Tip 4: Although we use retention and engagement synonymously in our documentation, it is always good to keep in mind the difference between the two.
Frequently Asked Questions
Why is the first row in my retention report always so high?
This is a result of the fact that each cohort is mutually exclusive. For example, if a user is already counted in row 0, then they will not show up in row 1, even if they were active during that time frame. No user is double-counted.
Above the first row in your chart, there is an implicit, unseen number of rows that we don’t show that would have further segmented your user activity. Since your retention report is set up to only count user activity within a specific time frame, anyone who would have been counted in one of those rows is automatically bucketed with the first row.
Why does the count of users whose first event was in the time range decrease in each row?
Depending on what you’re analyzing, as you look at the later cells to the right, the number of users who have completed the first time event may drop. This is because the number of users counted in each cell varies based on their event start date. For example, we may be analyzing the use of a specific tool over the past year, where each cell represents a month in that year. Users who haven’t been using that tool for over a year won’t be included in these later cells, because that time hasn’t passed for those users yet. So if a user started using the tool 6 months into that year, then they wouldn’t be counted in the cell that represents users who have used the tool for 7-12 months.

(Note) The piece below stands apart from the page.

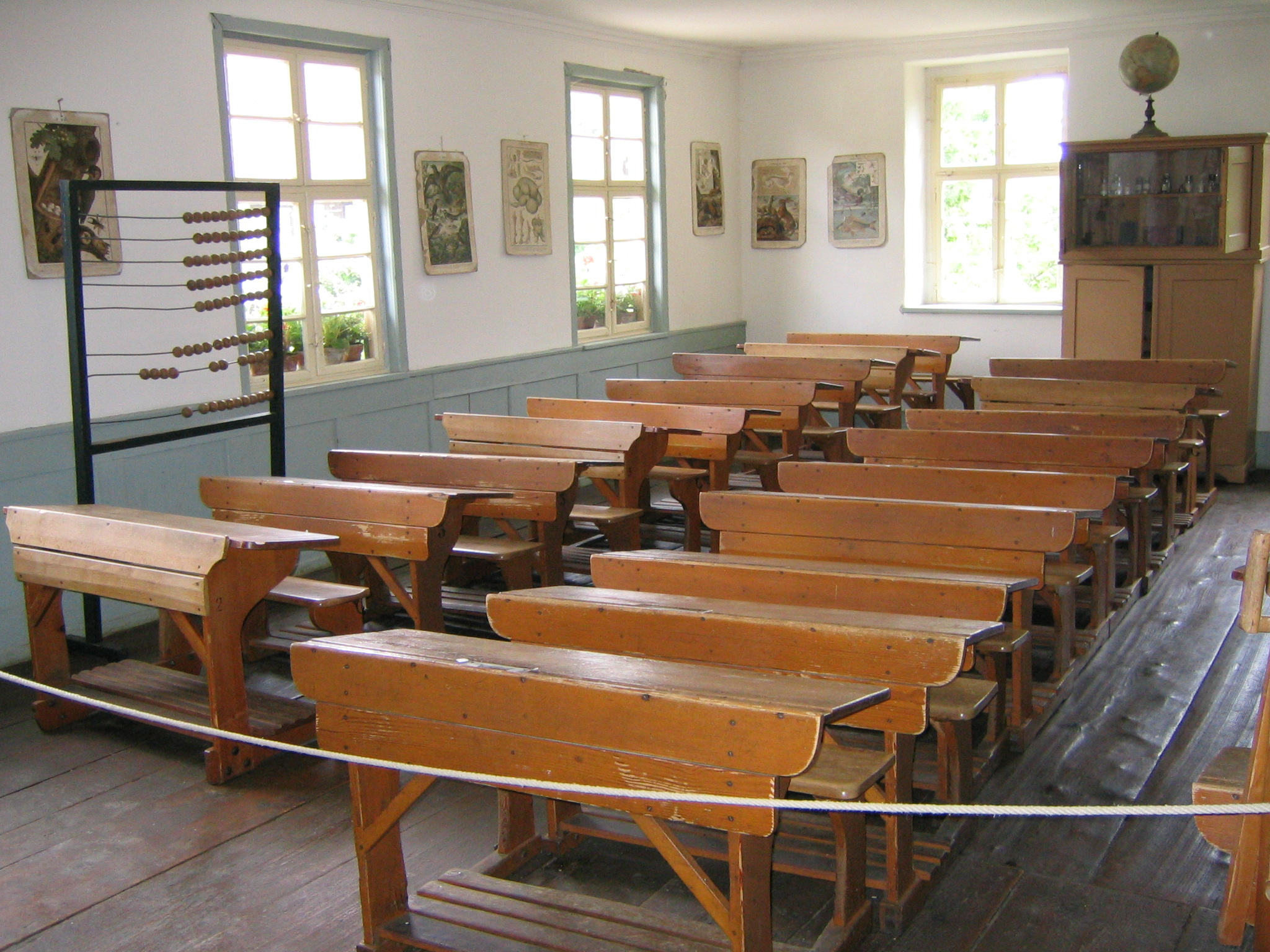 Class room at the Freilichtmuseum Neuhausen ob Eck

To make this a little more clear, try grouping these users by the date they completed the start event using the group by modifier Date of Start Event.
The resulting report will update with the time window of the start event listed next to each row. You’ll notice that the amount of cells listed for each row decreases by one in each row until the last row only has one ‘0’ cell.
Each cell in that row represents the number of users who have had activity for the length of time that the column header designates. To return to our previous example of analyzing use of a tool over the past year, the first row represents users who have used the tool for 12 months; the second represents users who have used the tool for 11 months; the third row represents users who have used the tool for 10 months; and so on. So for the third row, which represents users who have ten months of activity, there won’t be a cell representing users with 11 or 12 months of activity, because not enough time has passed for those users for anyone to be counted in that cell.